Les capacités managériales en particulier doivent pouvoir être appréciées de même que l’intérêt des profils pour l’administration française. En amont, cela suppose que l’administration ait la vision des ressources humaines de haut niveau dont elle a besoin.


Quels seraient selon toi les axes structurants d’une refonte de la formation des hauts fonctionnaires ?


Un concours de sortie, donc le classement, qui soit le résultat d’un croisement d’épreuves et d’expression des besoins RH des administrations. Pour cela, il est nécessaire que la problématique de sortie soit abordée dès l’entrée à l’école par un accompagnement de chaque élève à la définition d’un projet professionnel de sortie.
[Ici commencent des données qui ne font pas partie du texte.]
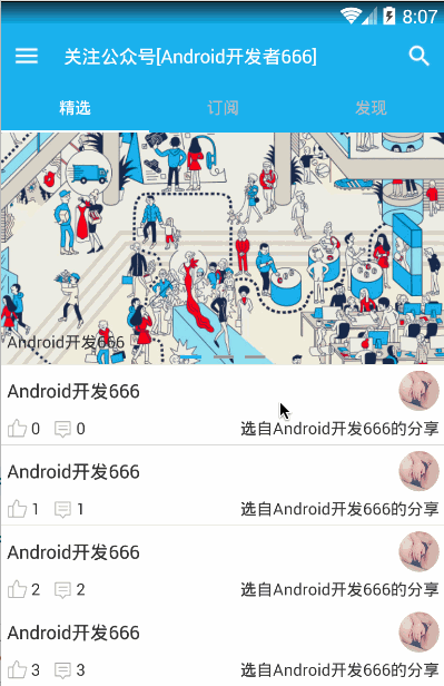 从gif动态效果图中我们可以看出,最外层有三个tab(精选,订阅,发现),在精选界面顶部有一个轮播的图片广告,广告下面是一个精选文章列表。
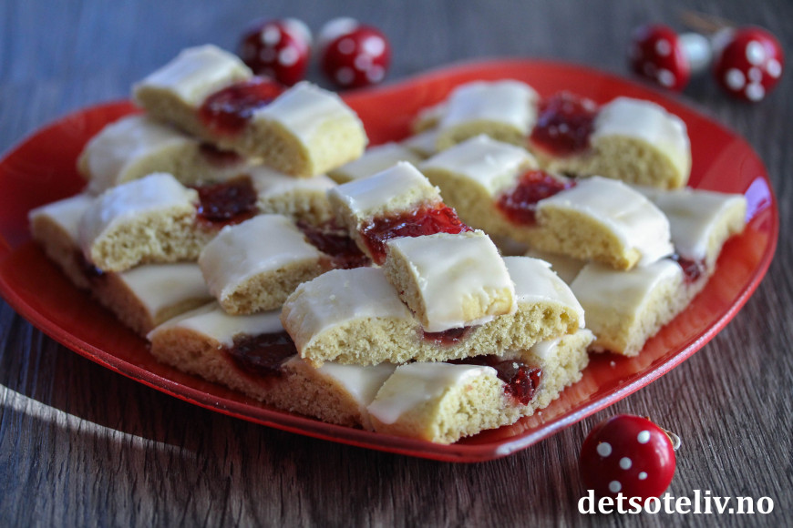 Stek kakene midt i ovnen ved 175 °C i 12-15 minutter. Rør imens sammen melis og vann til en passe tykk melisglasur. Smør melisglasuren over de ferdigstekte kakene mens de er varme. La kakene avkjøles en stund og skjær dem deretter opp i stenger.
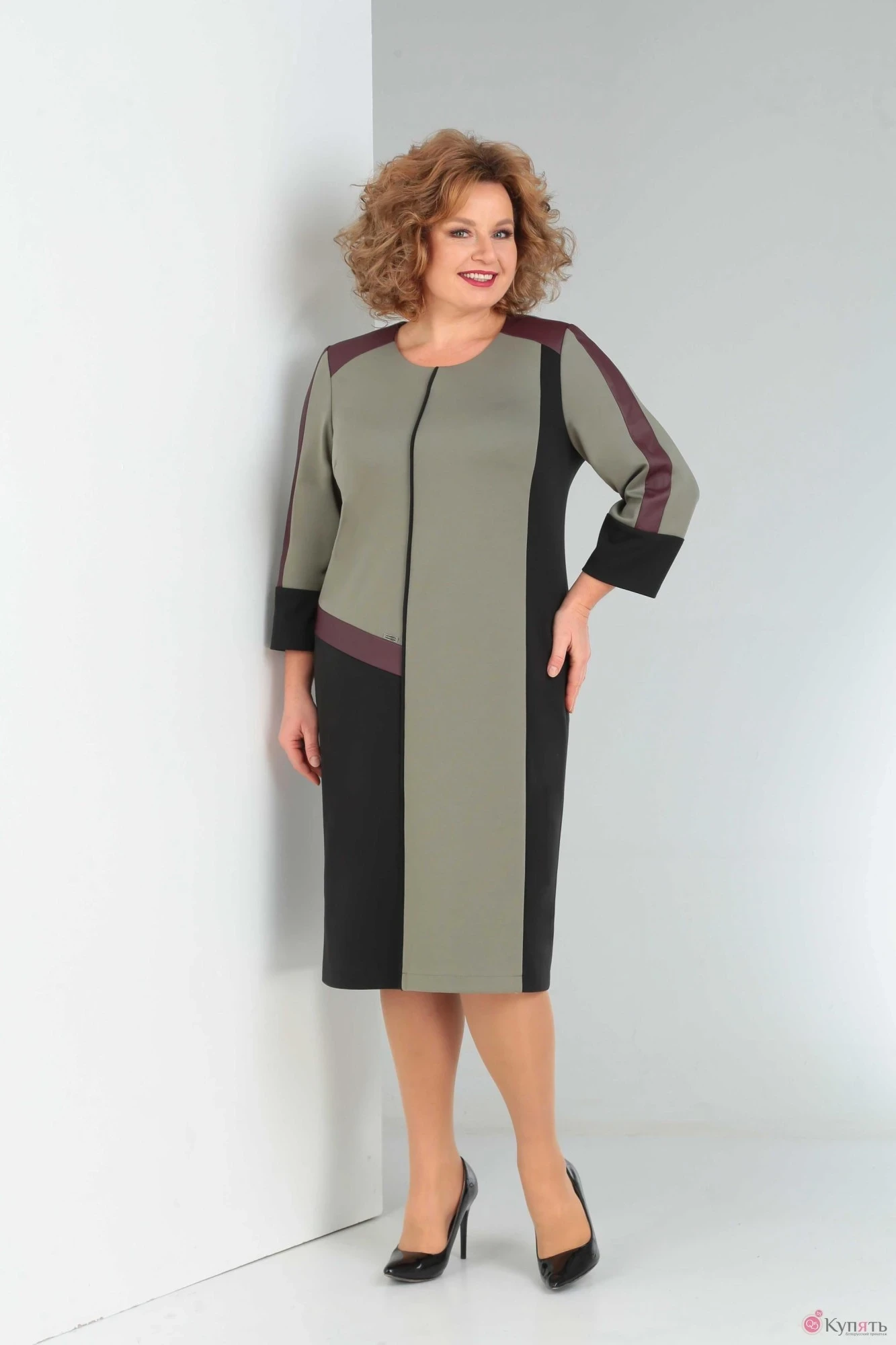 Платье из трикотажа. Платье скомбинировано из 2-х цветов трикотажа (олива и черный) и трикотажной ткани под кожу бордового цвета. Линии платья выгодно подчеркивают стройность фигуры, а подобранная цветовая гамма делает платье стильным и современным. Горловина округлой формы. Силуэт платья прямой. На спинке центральный шов переходит в шлицу. Рукав двушовный.
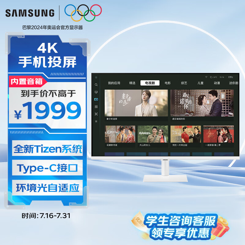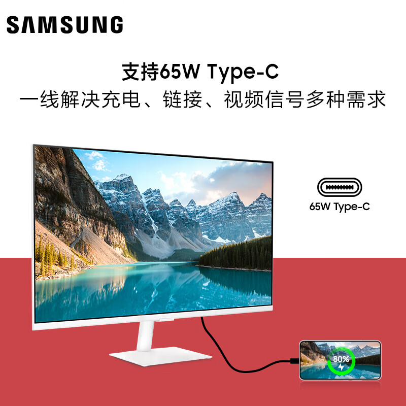 三星(SAMSUNG)32英寸 4K Type-C 65w 海量app 蓝牙连接 Tizen系统 内置音箱 M70C 办公 智慧显示器 S32CM703价格:2599.00元!
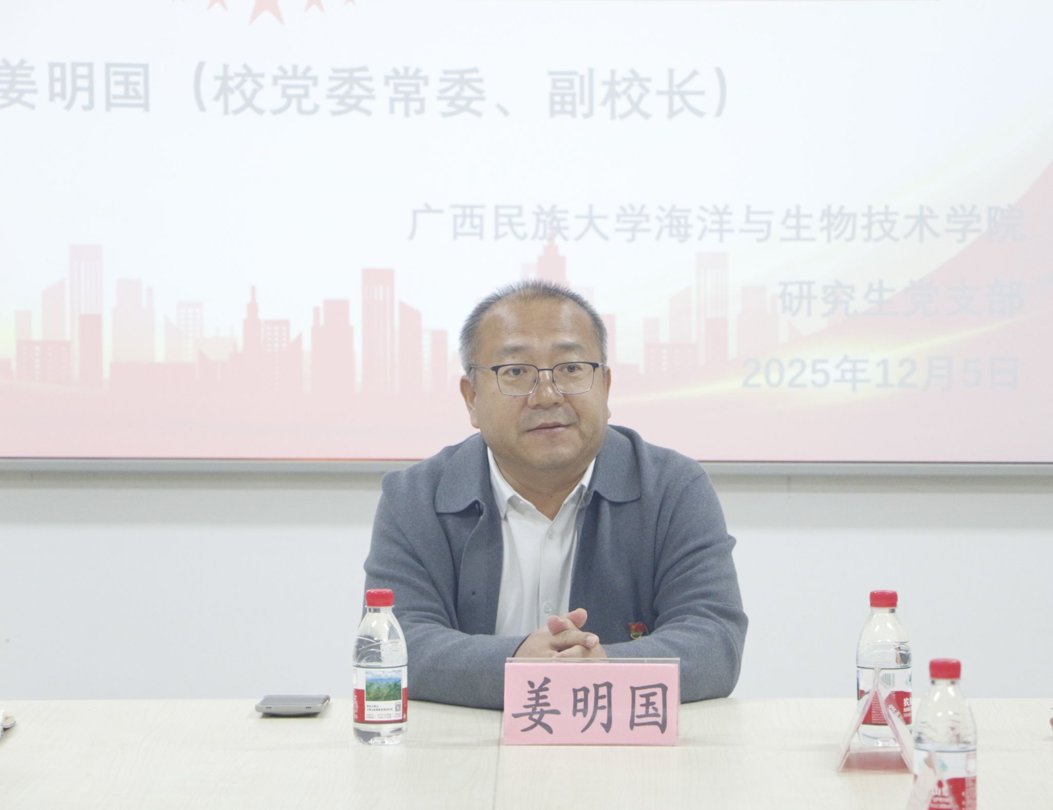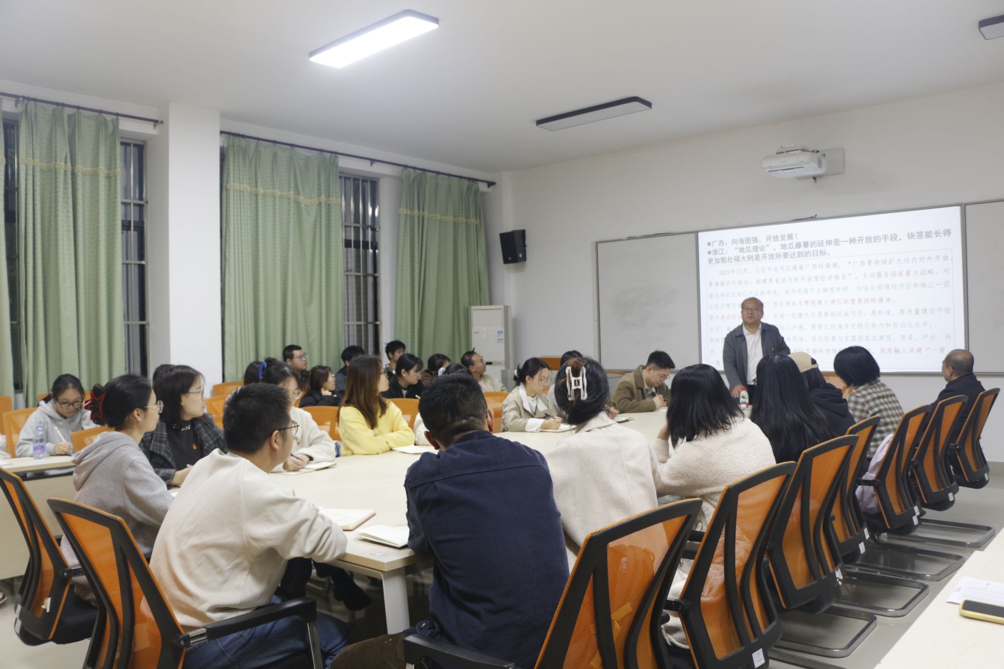 授课中,姜明国老师结合学校发展定位与广西区域优势展开阐述。他表示,广西民族大学始终以习近平新时代中国特色社会主义思想为指引,深入落实“解放思想、创新求变,向海图强、开放发展”战略部署,主动对接中国-东盟命运共同体建设,在商贸、科技、教育等多领域深化跨境务实合作,积极融入“一带一路”建设与国内国际双循环新发展格局。

Faire évoluer les épreuves avec une visée plus opérationnelle et pratique.

Clarifier les voies d’accès au corps des administrateurs civils par exemple. Le tour extérieur notamment : les lauréats se vivent souvent comme un sous-produit de l’énarchie, tandis que les ENA considèrent subir une concurrence déloyale.

Réfléchir à la valorisation des parcours antérieurs puisque 50 % d’une promotion arrive par le 2° ou le 3° concours voire le 4° : Mobilité réputée acquise pour une progression plus rapide qu’un jeune mais toujours au mérite ? Accès plus rapide aux emplois fonctionnels, par exemple 5 ans au lieu de 8 et selon des conditions à déterminer ? Modalités d’accès aux corps d’inspection ? Ce point me paraît important car si la réforme de la fonction publique permet l’ouverture des postes de haut niveau à des contractuels, le 3° concours pourrait perdre de son intérêt. 


Quels obstacles faut-il supprimer pour une réelle égalité des chances entre les femmes et les hommes ?


Faire évoluer les organisations du travail.

Faire fonctionner les systèmes d’alerte : la commission femmes de l’AAEENA aura toujours une mission à accomplir.

Défendre les concours en tant que principale voie d’accès à la formation.